Но сейчас он сдался и со всем пылом чувственного неистовства посвятил себя постижению безнравственного Совершенства, Совершенной Красоты в форме женского тела. Ему казалось, что пробуждают эту Красоту его прикосновения. Под его пальцами, даже взглядами она проявляется, но когда он не видел, не трогал потаенного источника, часть совершенства пропадала, исчезала. А надо было его вернуть, сохранить.
И все же красота эта пугала. В ней было что-то ужасное, грозное, даже опасное. Несмотря на всю его поглощенность ею. И был в ней мрак. И постыдность всего, что открывает тело в своей зловещей полуденной красоте. Постыдность всего естественного и противоестественного, что в сладострастии своем творил он совместно с этой женщиной, что создавали они оба под тяжким бременем красоты и наслаждения. Стыд, что рождало его? В какой-то мере он шел от непомерности наслаждения. Такое наслаждение обычно вызывает страх. Почему? Потому что потаенное и постыдное обладает красотой магической и страшной.

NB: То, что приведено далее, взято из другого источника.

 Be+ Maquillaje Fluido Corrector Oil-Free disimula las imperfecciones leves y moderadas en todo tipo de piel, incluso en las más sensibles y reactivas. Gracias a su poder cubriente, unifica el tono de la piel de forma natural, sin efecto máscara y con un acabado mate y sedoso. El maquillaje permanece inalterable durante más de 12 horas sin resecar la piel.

Они приняли этот стыд, сроднились с ним, предаваясь вновь и вновь беззаконным своим наслаждениям. Он вошел в их плоть и кровь. Из него, как из бутона, распускался цветок красоты и тяжкого, плотного довольства.
Внешне их жизнь шла по-прежнему, но внутренне все переменилось. Дети стали играть в их жизни меньшую роль, ибо родители были поглощены теперь собой.

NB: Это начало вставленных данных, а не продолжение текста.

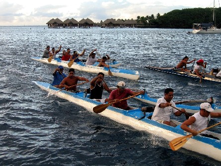 We were anchored off the marina Tahini and during all daylight hours paddlers were practicing in outriggers. The canoes are configured to hold anywhere from one man up to eight. We also saw practice for a relay race where a crew change was accomplished. A relief crew of four treaded water and after the primary crew jumped overboard they lifted themselves aboard and headed out. And all of this was done in synch and very quickly.
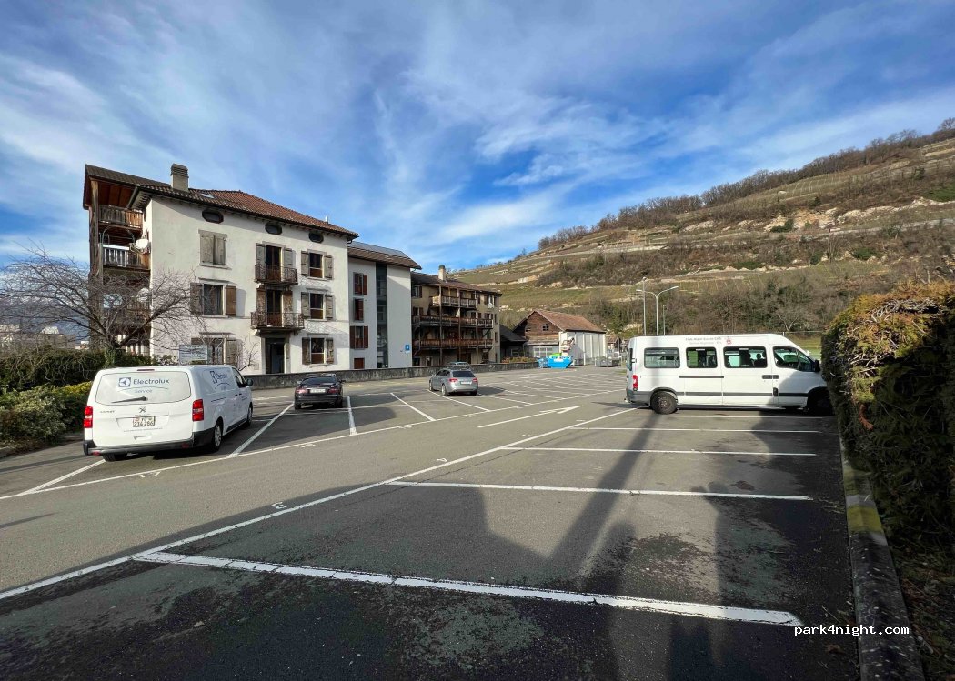 Ce lieu est parfait pour quelques heures afin de faire la visite du village qui est juste à côté de ce parking. Le stationnement de nuit est possible seulement durant les jours fériés (exceptionnellement) sinon il est préférable de ne pas rester car les places sont de base réservées aux cars scolaires du coin.

И мало-помалу Брэнгуэн ощутил в себе и свободу для восприятия окружающей жизни. Бурная интимная жизнь освободила в нем и другую сторону, и здесь он тоже родился как бы заново. Обновившись, он почувствовал интерес к общественной жизни, захотел проверить себя — каким образом он может участвовать в деятельности, для которой был создан и теперь освободился. Он хотел присоединиться к активной части человечества.
Тогда на первый план выдвинулась проблема образования, вызвавшая большой общественный интерес. Говорили о новых шведских методах воспитания, о трудовом воспитании и так далее. Брэнгуэн от всей души поддерживал идею ручного труда в школе. Впервые дела общественные так его заинтересовали. Исподволь его сексуальная активность трансформировала его, делая по-настоящему целеустремленным.
Обсуждалась организация вечерних школ и классов ручного труда. Он вознамерился обучать деревообделочным работам, два вечера в неделю преподавать плотницкое и столярное дело мальчикам в Коссетхее. Он был увлечен этой идеей. Платили ему мало, а то, что платили, он тратил на закупки дерева и инструментов. Но мысль о том, что работа его общественно полезна, доставляла ему острую радость.
Он начал вечерние занятия с мальчиками, когда ему было тридцать лет. К этому времени он обзавелся пятью детьми, последним из которых был мальчик. Но ни ему, ни девочкам он не отдавал предпочтения. От природы он обладал кровной привязанностью к своим детям и начинал их любить, едва они появлялись на свет, независимо от того, кто это был — девочка или мальчик. Но любимицей его была Урсула. За новым его начинанием с вечерними классами тенью маячила она.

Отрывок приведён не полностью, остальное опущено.